# Chelsea's Maternity Shots



## Crickett (Sep 10, 2011)

Well I did my 1st maternity shoot this afternoon. Here's a couple that I had time to work up. I didn't do a whole lot of PP. What do y'all think? 




Chelsea's Maternity Shoot by Crickett30, on Flickr




Chelsea's Maternity Shoot by Crickett30, on Flickr


----------



## Lee Woodie (Sep 10, 2011)

I like them Crickett the poses are great lighting is good they draw my attention to the warmth that Chelsea has for her child to be Well done Salute to you.


----------



## Hoss (Sep 11, 2011)

I betting she's going to like em.

Hoss


----------



## wvdawg (Sep 11, 2011)

Good ones Crickett.


----------



## Crickett (Sep 11, 2011)

Thanks y'all! So far she is very happy w/ the ones I've shown her!


----------



## rip18 (Sep 11, 2011)

Yes, she ought to like those!  Well done, Crickett!


----------



## lilbassinlady (Sep 11, 2011)

Thats so sweet! Very very nice!


----------



## leo (Sep 12, 2011)

Beautifully done Cricket ..... and ditto what Lee said


----------



## quinn (Sep 12, 2011)

Very nicely done Crickett!I like the second one the most....I think!


----------



## Crickett (Sep 12, 2011)

Thanks y'all!

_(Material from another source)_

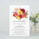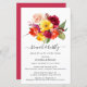 Elegant herfst flower bouquet topjes deze herfstbruid brunch bubbly uitnodiging. Bogundy red, wazige roze, heldere gele en oranje bloemen worden in groen bladeren en bladeren genaaid. De bijtende pop tegen de witte achtergrond. De eenvoudige tekst creëer een modern ontwerp. Deze uitnodiging maakt deel uit van het collectie Altijd Vrijgezellenfeesten dat de DIY-sjablonen bevat die u nodig hebt om een unieke bruiddoucheuitnodigingssuite en vrijgezellenfeest-decor en -benodigdheden te creëer.

I've worked on a couple more that I'll post up later!


----------



## Crickett (Sep 15, 2011)

*Couple more*

Here's some B&W




Chelsea's Maternity  by Crickett30, on Flickr




Chelsea's Maternity  by Crickett30, on Flickr


----------



## wvdawg (Sep 15, 2011)

I really like the B&W shots Christy - the last one especially.  Nice job!


----------



## cornpile (Sep 17, 2011)

The B&Ws are fantastic,nice shooting


----------



## Crickett (Sep 17, 2011)

wvdawg said:


> I really like the B&W shots Christy - the last one especially.  Nice job!





cornpile said:


> The B&Ws are fantastic,nice shooting



Thanks y'all!


----------



## BriarPatch99 (Sep 17, 2011)

The last B&W is especially nice ... all are very good... something about the last one.....

Jimmy K


----------



## Crickett (Sep 18, 2011)

BriarPatch99 said:


> The last B&W is especially nice ... all are very good... something about the last one.....
> 
> Jimmy K



Thanks Jimmy!


----------